赵守信扒个花生丢到嘴里,又香又糯,是平时乡下孩子吃不着的鲜味。
又把手掌往前送,“芳姐过来,这花生可香了,赶忙来吃啊!”
芳姐把小脑壳藏在旺儿后背,基础不搭理他。
赵守信抬头看看四周并没有外人,把花生收起来,直接已往。
推开旺儿,把芳姐抱住,芳姐吓的尖叫起来。
赵守信原本就不是个有耐心的,自己的孩子都没有这么抱过。
看小丫头在他怀里挣扎不止,连忙捂住她的嘴。
喝道:“不许叫。”
芳姐之前在安城受到过惊吓,现在,被赵守信钳制,大眼睛里满是恐惧。
身体发抖,小脸雪白,满眼的恐慌,一副吓坏的样子。
旺儿被赵守信随手一挥,推坐在地下。
抬头见舅老爷把芳姐给掐住,小妹妹被捂住嘴,眼泪都出来了。
他一骨碌爬起来,用力掰他的手臂,“舅老爷!快把芳姐放下来,你吓着她了。”
赵守信想讨好芳姐吸引陈娘子的关注,看这两个孩子都抗拒他,越发的不耐心了!
抬腿把旺儿踹开。
旺儿哭道:“舅老爷!你快铺开,芳姐会死的!你快松开呀。”
赵守信低头,看芳姐现在小脸煞白,两眼往上翻,看看就不行了。
他慌忙松手,芳姐跌下多亏旺儿拼命抱住她,两个孩子滚落在草地上。
“哎,我可跟你说,这可不关我的事啊,我是盛情抱她的,谁知道她这么不经吓!”赵守信悄悄退却。
这小丫头片子还真晕了,趁没有人发现,赶忙溜才是。
他才退了没几步,突然感受后背撞到工具了。
转头望见两个尖锐的牛角,一双铜铃般的大眼睛瞪着他。
不知何时,大黄牛已经逼到近前。
“你这个畜牲,吓我一跳,快滚开!”赵守信挥手想把大黄牛赶走。
那里,旺儿哭着用力摇晃芳姐,“你怎么了?芳姐,你快睁开眼睛啊,芳姐,你醒醒啊!”
孩子恐惧地哭喊听的赵守信眉头紧锁,怕这死孩子哭叫引来旁人,索性转身就跑。
“哞!”
大黄牛降低的吼了一声,这小我私家招惹自己的同伴,本牛魔王不会轻饶他,撒开四蹄就追了上去。

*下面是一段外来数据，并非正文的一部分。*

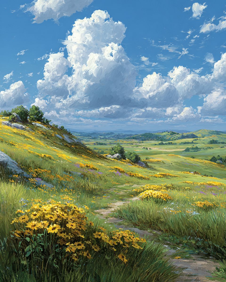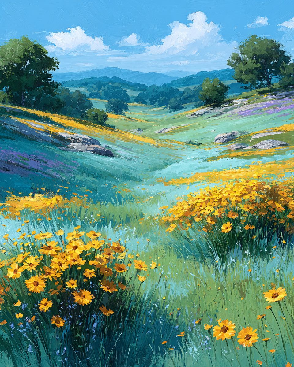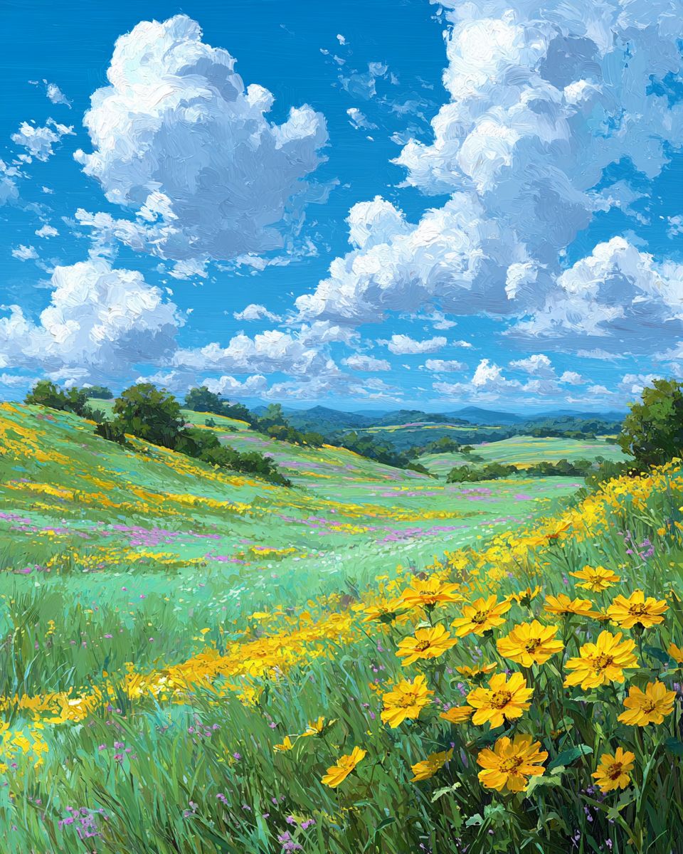 Яркая и нежная иллюстрация залитых солнцем холмистых лугов, усеянных золотыми подсолнухами и мягкой зеленой травой, под ясным лазурным небом. Сцена передает тепло и надежду лета, используя пастельные желтые, светло-зеленые и небесные синие тона. Стиль живописи должен быть современным импрессионизмом, с мягкими мазками кисти и мечтательной, успокаивающей атмосферой. Изображение должно вызывать чувства мира, радости и бесконечного лета.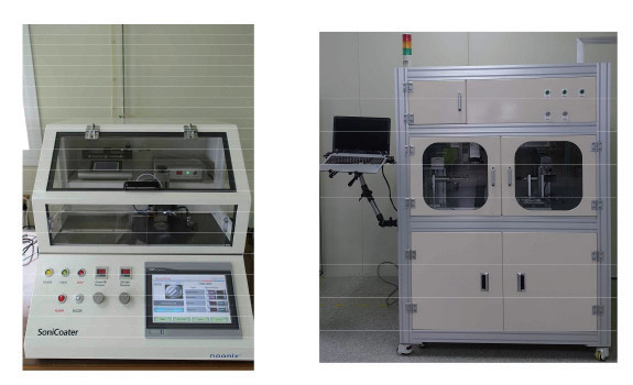 It can make an even coating surface by minimizing a spraying drop size using an ultrasonic nozzle. It can coat more accurately by using an ultrasonic nozzle with a frequency of 220kHz, which was developed for the first time in the world.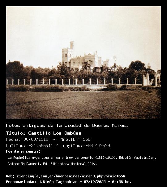 Confrontar: coronasreales.foroargentina.net/t1410-castillo-los-ombues-caba Fuente:La República Argentina en su primer centenario (1810-1910). Edición facisimilar, Colección Panunzi. Ed. Biblioteca Nacional 2010. Lat: -34.5669114335191 - Long: -58.4395998716354 - Dirección: SO - Plano: 0 Palabras claves:Belgrano Castillo |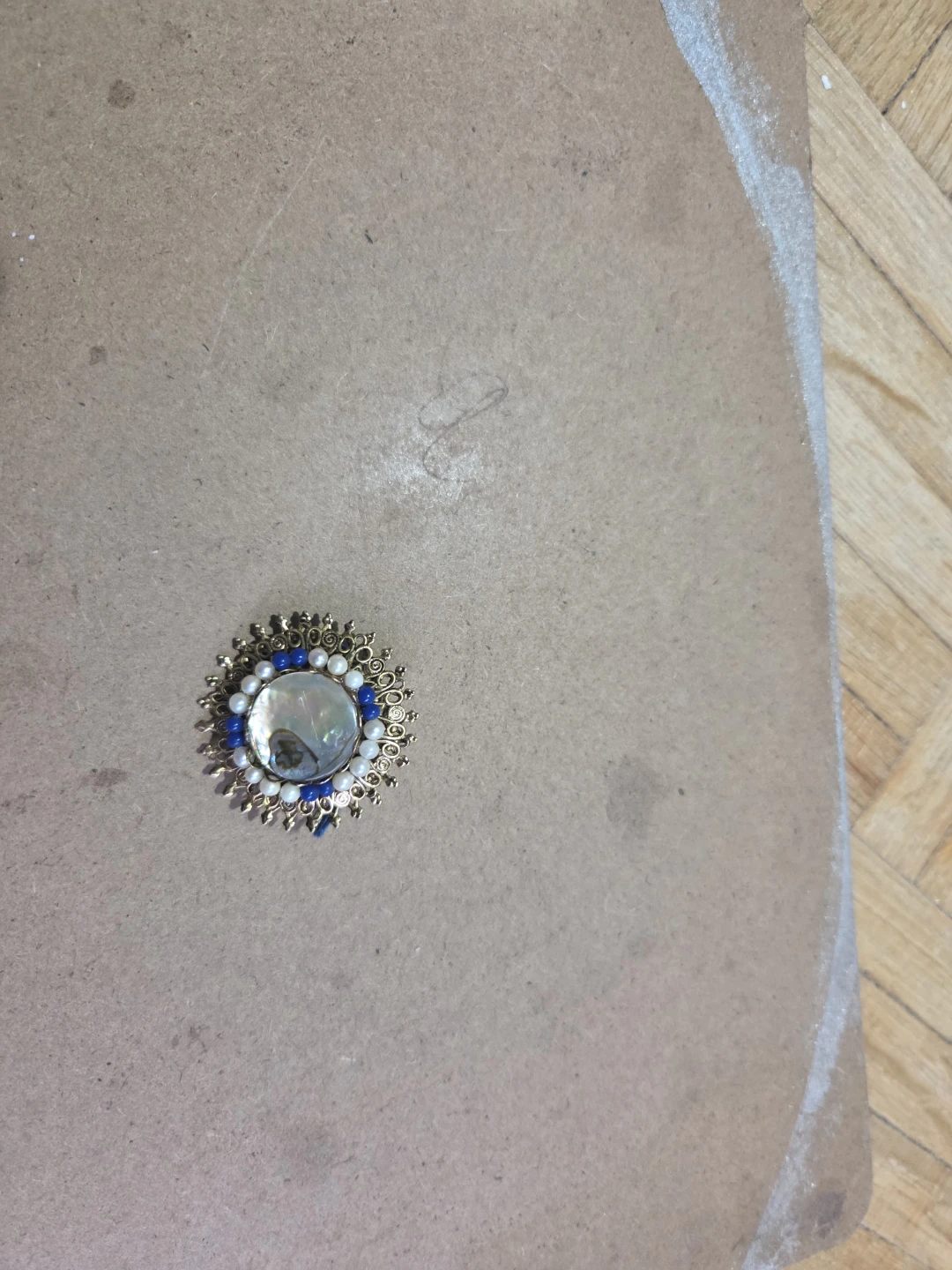 Vintage Brooch with Mother of Pearl and Blue Beads

赵守信转头,发现大黄牛跟疯了似的往自己追来,心中一跳,拼命跑着。
“活该的畜牲,你疯啦?看清我是谁了吗?”他边跑边挥手。
大黄牛可不管他是谁?招惹他的同伴就是敌人!小魔女不敢惹,其他人它可不放在眼里。
一阵风似的追上去,低头就把赵守信挑开。
赵守信屁股一痛,身不由己顺着山坡滚下来,一头栽进路边的土沟里。
此时,在河滨洗衣服的陈娘子隐隐听到孩子的哭喊。
啪!手里的衣服摔在石头,站了起来。
“翠云!你听到哭声了吗?”
翠云茫然的抬头,侧耳听听。
“哎呀,似乎真的有孩子在哭啊!会不会是芳姐他们?”
陈娘子已经拔腿往哭泣的偏向跑去,翠云也没心思洗衣服,连忙追上。
没跑几步,就看山坡上有一小我私家滚了下来。
陈娘子的心都快要跳到嗓子眼了,不会是芳姐失事了吧?
她跑的更急,翠云也望见那人,不外看身形是个大人。
“陈娘子,别慌!应该不是芳姐!”
陈娘子看清滚下来的是那行事不端的舅老爷,而孩子的哭声还在山坡上面,没心情管他,直接从他身边绕开,往山坡上跑去。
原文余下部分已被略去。